Is this a known issue? I have a few long documents in my dataset and am seeing errors about too many tokens emanating from the call to OpenAI.
I have tried modifying the config to add a sentencizer component only to find that prodigy reports an error when the recipe tries to add its own sentencizer.
Command line:
dotenv run -- prodigy ner.llm.correct --segment XXXX llm.cfg XXX.jsonl
It is a known headache that OpenAI has strict token limits. Especially if you have a long prompt (which can be the result of adding a bunch of few-shot examples) it can add up.
One avenue that might aid you is to switch to a model backend that allows for longer token windows.
Thank you. I definitely get the token limitation which is why I was running the recipe with "--segment".

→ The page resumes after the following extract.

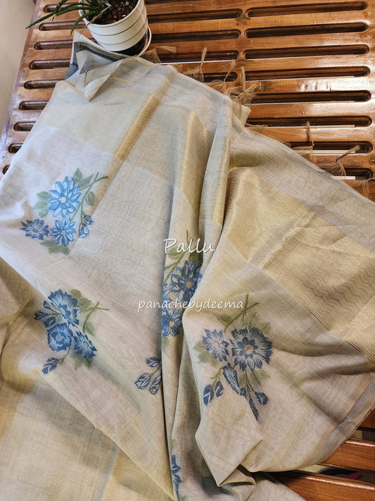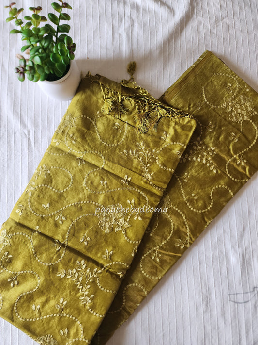 Semi matka silk saree with embroidery | Yellowish green | A2

My core problem is really that the recipe in this version of prodigy doesn't actually split my documents into sentences when the "--segment" argument is provided or when I configure the pipeline to have a "sentencizer" ahead of the "llm" component. From looking at the recipe code, I can't really see why that's not happening.
I'm having no issues outside of prodigy making an LLM pipeline based on that config with sentencizer in place. This code does fine:
import spacy
nlp = spacy.load("ner-llm")
doc = nlp("... two sentences ...")
for s in doc.sents:
print(s.text)
for e in s.ents:
print(e.text, e.label_)
print()
Another reason why it is surprising is because, internally, the recipe does this:
if segment:
nlp.add_pipe("sentencizer")
stream.apply(split_sentences, nlp=nlp, stream=stream)
Is it possible to share your full config with a single example? That way I might be better able to reproduce what you are seeing.
One thing
We just released version 1.14.0, which comes with a new CLI parser. Just to rule out any CLI mishaps, could you upgrade Prodigy and see if the issue persists?
I did update to 1.14 and everything seems to be working fine. Not really sure what was going on. I think it is possible that I got fouled up by not clearing cache or something between a run where I didn't have --segment and one where I did. Thanks for taking a look.